"A company is like a pro sports team, where good managers are good coaches, and the goal is to field stars in every position."
In many ways, these words written by FirstRound.com in a piece discussing former Netflix Chief Talent Officer Patty McCord's management style are accurate, you might think at first. It really is easy to make the connection between sports and business.
If you're a CEO, you want your managers to always have a gameplan, to have a good understanding of how to use certain employees in certain situations and to know which workers do what tasks in the most efficient manner just as you would a expect a coach to do so.

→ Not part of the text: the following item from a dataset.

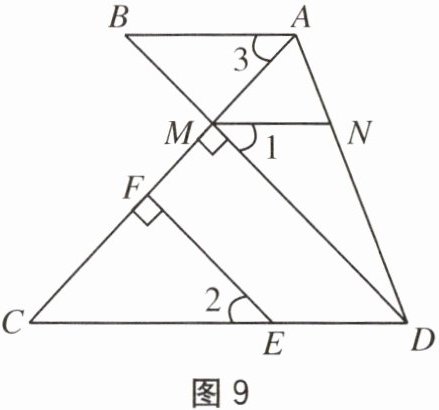 9. 如图 9,$ EF \perp AC $ 于点 $ F $,$ DB \perp AC $ 于点 $ M $,$ \angle 1 = \angle 2 $,$ \angle 3 = \angle C $。

Furthermore, if you're a top Enterprise in a competitive field, you're always going to find yourself competing with other companies for the best talent around in the same way that teams compete with each other for the best free agents to improve their rosters. This is especially true for a company like Netflix, which has a whole slew of top quality tech companies surrounding it in Silicon Valley, vying for the best engineers and employees.
Of course, another point that some of sports' most enthusiastic fans might convey to you is that if the players don't believe in what the coach is doing, they are less likely to do it well. So when McCord had to fire a third of her company's 120 employees in the fall of 2001, she knew what she had to do.
McCord served for Netflix for 14 years, from 1998 to 2012, and in those years found a set rule of principles by which she abides by in regards to managing her employees, or players. Those principles have made McCord the seemingly ruthless type of boss that has no interest in keeping people around when it's clear they don't have the skill set to be at her company.
But while her words imply that she has a zero tolerance policy and favors running a very strict workplace, McCord prefers quite the opposite and says the way she chooses talent allows her to do that.
As her "Netflix Culture: Freedom and Responsibility" presentation details, McCord looks for responsible people who "thrive on freedom and are worthy of freedom."
There's one thing that's undeniable about Patty McCord. She is indeed ruthless, but there's a method to her madness as she explains that her management style is best for both employee and employer.
In the end, what McCord emphasizes in her interviews and in the very guidelines that she wrote for Netflix is fitting in. "Does this employee's skills and mindset fit our culture?" That may as well be the question McCord would advise all bosses to consider. And if the answer is no and an employee ends up having to be fired, the former talent officer says there's no need for hard feelings.